いつかの君と握手
諍いのど真ん中に身を置く羽目になった、その一番最初はタイムスリップした日の翌日だった。
足の悪いあたしの荷物を持つのは自分だ、と二人が対立したのだ。


『俺が持つから、いい』

『いいよ。先に美弥緒から受け取ったのはオレだし』

『あ、あの、あたし自分で持つから! 元はと言えばあたしの荷物なんだし、持ってもらわなくっていいってば。
おい、聞けよ二人とも!』


目の前で右に左に揺れる荷物。
割って入ろうとしても、二人は一向に口論を止めてくれなかった。
えーい、早よ返せ!


『一体どうなってるの? ねえ、ミャオちゃん!』

『あー、いや、なんだろうね、コレ』


横にいた琴音が、驚いたように目を見張っている。


『二人とも意地でも譲らないって感じだよ。
……ねえ、昨日の夜、何かあった?』


腕を引いて聞いてくる顔は、好奇心で満ちていた。


『えー、と。まあ、あったというか、あったんだけども』


もぐもぐと言うと、殊更強く腕を引かれた。


『何!? 何があったのよう!? 教えて、ミャオちゃん!!』


前夜のイノリとのことは、琴音にはまだ話せていなかった。
タイムスリップのことは置いておくとしても、告白されてしまったことは言っておかなくてはいけないだろう。

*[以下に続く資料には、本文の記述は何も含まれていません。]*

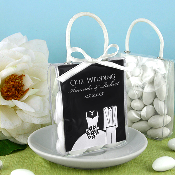 Pretty and petite, mini gift totes with personalized insert cards are perfect for those DIY favors. Fill these adorable clear gift totes (3"w x 3.5"h) with Jordan almonds, mints, Hershey’s Mini’s, M&M’s (match your event colors) lip balm, confetti or a special gift. You can line up these unique favor totes at a candy buffet. Or, in your guest’s hotel room, hang these adorable totes from a door handle with their unique rope handles.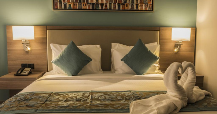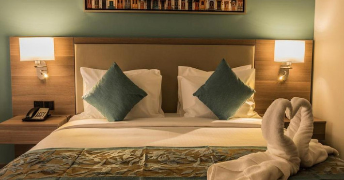 Sunt disponibile 90 camere. Camerele luminoase de la Mena Plaza Hotel sunt dotate cu mochetă, aer condiționat, Tv și seif. Fiecare cameră dispune de minibar și cană-fierbător. Oaspeții pot solicita serviciul de room service pentru a servi masa sau diverse băuturi. În camere există baie cu cadă sau duș prevăzută cu foehn. Oaspeții au acces gratuit la serviciul Wi-fi în camere. Curățenia in cameră se face zilnic. Toate camerele spațioase de la Mena Plaza Hotel au zonă de relaxare cu canapea, ceea ce oferă un plus de confort. Proprietatea oferă camere pentru familie cu o suprafață mai mare și un număr mai mare de paturi față de cele standard. Se pot rezerva de asemenea camere pentru nefumători.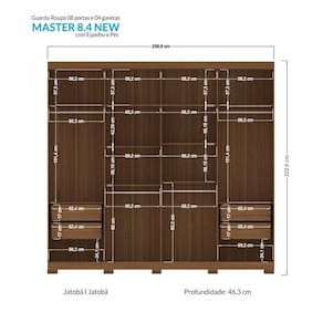 O guarda-roupa Master Vip New 8.4 da Santos Andirá é um guarda roupa de casal de amplo espaço.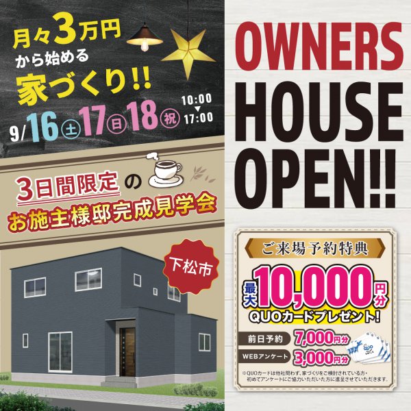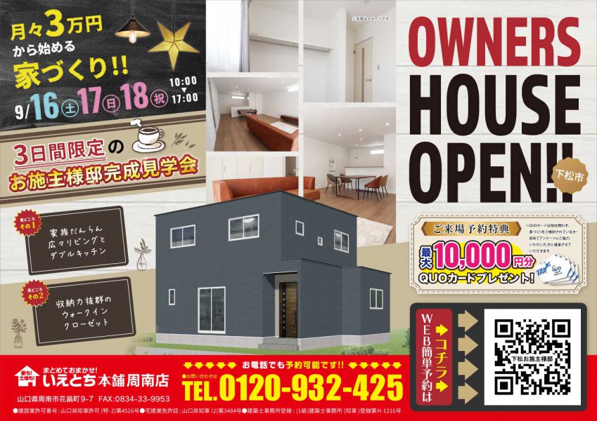 【周南店】お施主様邸現場見学会 来場予約で最大1万円クオカードプレゼント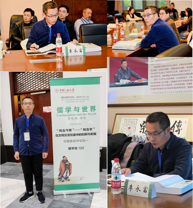 11月30日,由中国人民大学、韩国崔仲贤学术院联合主办的国际儒学论坛·2024在中国人民大学召开。本次论坛以“儒学与世界”为主题,为期两天,来自韩国、日本、法国、澳大利亚、美国、德国、英国等国家的18名国际学者和来自9428cn太阳集团古天乐、中国人民大学、中山大学、山东大学、浙江大学、台湾东海大学、台湾辅仁大学等国内高校的207名学者参加了本次论坛。公司教师李永富副教授应邀参加本次论坛。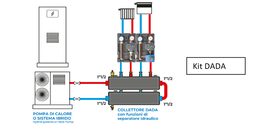 E la soluzione di impianto tipo con collettore DADA e con il “Kit DADA” che consente di evitare l’installazione del separatore idraulico:

あとでゆっくり説明するつもりだったんだけど、と思いながら、琴音の耳元で小さく言った。


『あー、と。端的に言えばイノ、大澤に告白された、ような……』

『大澤くんから告られたぁ…………っ!!??』


叫びそうになった琴音の口を慌てて塞いだ。
のだったが、少し遅く。

それは騒ぎを興味津々に見ていた人たちにまで聞こえてしまっていた。


『ちょっと、どういうこと!? 大澤くんが化け猫に告ったってことっ?』

『嘘でしょ!? だって、だって、ええええええぇぇぇ!?』


爆発でも起こしたかのような騒ぎになった。
どうやら近くにいたらしい神楽や悠美があたしの肩を掴み、


『ウソだよね!? 夢の話ですって言いな、化け猫!』
『本当に大澤くんからなの!? 猫娘が大澤くんに告白したんじゃなくて!?』


殺されるんではないかと錯覚するほどの迫力でがっしがっしと揺らしてくる。
名前も知らない、他のクラスの女の子が琴音にくってかかっているのがちらりと見えた。

スズメバチの巣を叩き落したとしても、ここまでの騒動にはならないんじゃないだろうか。
そういえば蜂って食べられるって聞くけど、美味しい蜂ランキング! なんてあるのかなー。
蜂歴数十年。自他共に認める蜂通の猿股一郎(72)は、長野産のクロスズメバチをイチオシしてます☆ オススメ料理法は勿論素揚げです☆ 柚塩でどうぞ♪ とか。


かっくんかっくんと揺らされながら、余りの事態悪化に現実逃避した。